*What to produce:*
Could you write out the listing below exactly as it stands, leaving out the pictures?

*Data shown:*
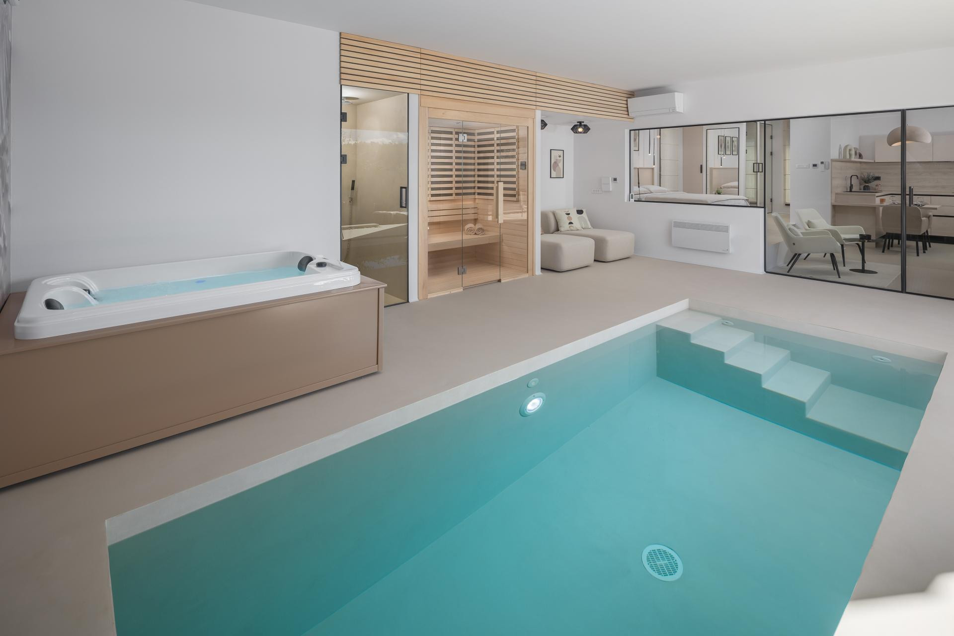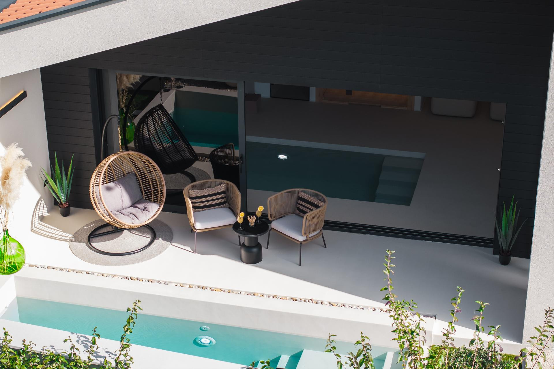 Iz zone wellnessa izlazi se izravno na terasu s vanjskim grijanim bazenom, ležaljkama i kutkom za opuštanje
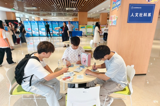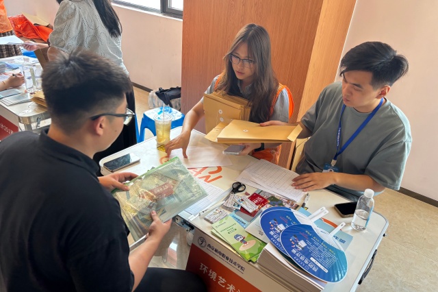 为厚植新生的民族文化自信,系部精心打造的“非遗主题迎新角”成为迎新现场一大亮点。这里陈列着往届学生的优秀设计作品,生动展现了非遗文化的独特魅力与学科专业特色。2025级新生们驻足观赏、沉浸式体验,在一件件充满匠心的作品中感受中华优秀传统文化的深厚底蕴,文化认同的根基在潜移默化中得以筑牢。不少学生志愿者也主动留在迎新角,为新生讲解作品背后的非遗故事与创作历程,让文化传承更具温度。
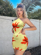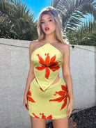 EgrlEra Women Asymmetrical Hem Floral Print Halter Neck Top + Mini Skirt 2 Pieces Set

*Output of the task:*
 Iz zone wellnessa izlazi se izravno na terasu s vanjskim grijanim bazenom, ležaljkama i kutkom za opuštanje
 为厚植新生的民族文化自信,系部精心打造的“非遗主题迎新角”成为迎新现场一大亮点。这里陈列着往届学生的优秀设计作品,生动展现了非遗文化的独特魅力与学科专业特色。2025级新生们驻足观赏、沉浸式体验,在一件件充满匠心的作品中感受中华优秀传统文化的深厚底蕴,文化认同的根基在潜移默化中得以筑牢。不少学生志愿者也主动留在迎新角,为新生讲解作品背后的非遗故事与创作历程,让文化传承更具温度。
 EgrlEra Women Asymmetrical Hem Floral Print Halter Neck Top + Mini Skirt 2 Pieces Set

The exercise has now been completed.